Work required: After locating the line with "Hitra spojka za" below, output it and each following line exactly, stopping after the line with "ክብርት ከንቲባ ወይዘሮ". No pictures.

Data excerpts:
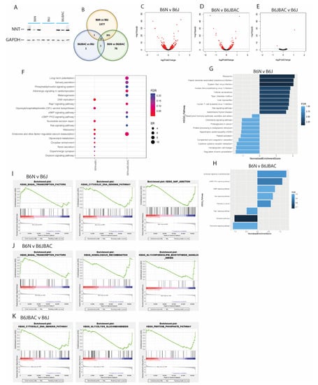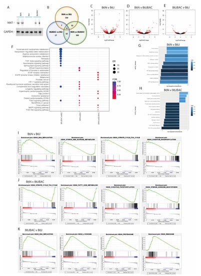 Pathway analysis of testes gene expression. (A) Western blot of NNT expression in testes tissue lysates with GAPDH as a loading control. n = 3 biological repeats. (B) Venn diagram showing overlap of DEGs in each pairwise comparison. (C–E) Volcano plot of gene expression between B6N and B6J (C), B6N and B6JBAC (D) and B6JBAC vs. B6J (E). (F) Over-representation analysis (ORA) dot plot of enriched KEGG pathways in DEGs of each comparison. ER—enrichment ratio; FDR—False Discovery Rate. (G,H) Gene Set Enrichment Analysis (GSEA) of DEGs in the B6N vs. B6J (G) and B6N vs. B6JBAC (H). (I–K) GSEA of whole expression dataset for B6N vs. B6J (I), B6N vs. B6JBAC (J) and B6JBAC vs. B6J (K). Selected gene sets displayed with an FDR < 0.25. A negative normalized enrichment score (NES) indicates a relative downregulation of the pathway in the first group compared to the second, and vice versa. n = 5 mice for B6J and B6JBAC, 4 for B6N.
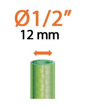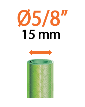 Hitra spojka za vrtne cevi s 1/2" (not. Ø 12 mm - zun. Ø 17 mm) ali 5/8" (not. Ø 14 mm - zun. Ø 19 mm) premerom. Posebna, z gumo prevlečena površina omogoča popoln oprijem. Nerjaveča (brez kovinskih delov) ter odporna na udarce, UV žarke in visok vodni pritisk, vse do 40 barov.
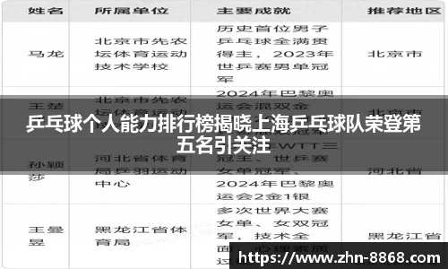 乒乓球个人能力排行榜揭晓上海乒乓球队荣登第五名引关注
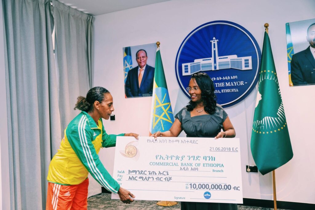 ክብርት ከንቲባ ወይዘሮ አዳነች አቤቤ ለአንጋፋ አትሌቶች ድጋፍ አደረጉ ።
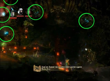 Kill the four spiders for Monster Experience x3 and then grapple up the leftmost platform to spot Level Experience x3 trapped behind some wooden planks on the ceiling that can be shot down. Drop back down to the floor and continue right through the cobwebs to a hidden room with Level Experience x3 and a Collectible Painting. After getting the painting, break down the right wall to find another Level Experience x5.

Response to the exercise:
 Hitra spojka za vrtne cevi s 1/2" (not. Ø 12 mm - zun. Ø 17 mm) ali 5/8" (not. Ø 14 mm - zun. Ø 19 mm) premerom. Posebna, z gumo prevlečena površina omogoča popoln oprijem. Nerjaveča (brez kovinskih delov) ter odporna na udarce, UV žarke in visok vodni pritisk, vse do 40 barov.
 乒乓球个人能力排行榜揭晓上海乒乓球队荣登第五名引关注
 ክብርት ከንቲባ ወይዘሮ አዳነች አቤቤ ለአንጋፋ አትሌቶች ድጋፍ አደረጉ ።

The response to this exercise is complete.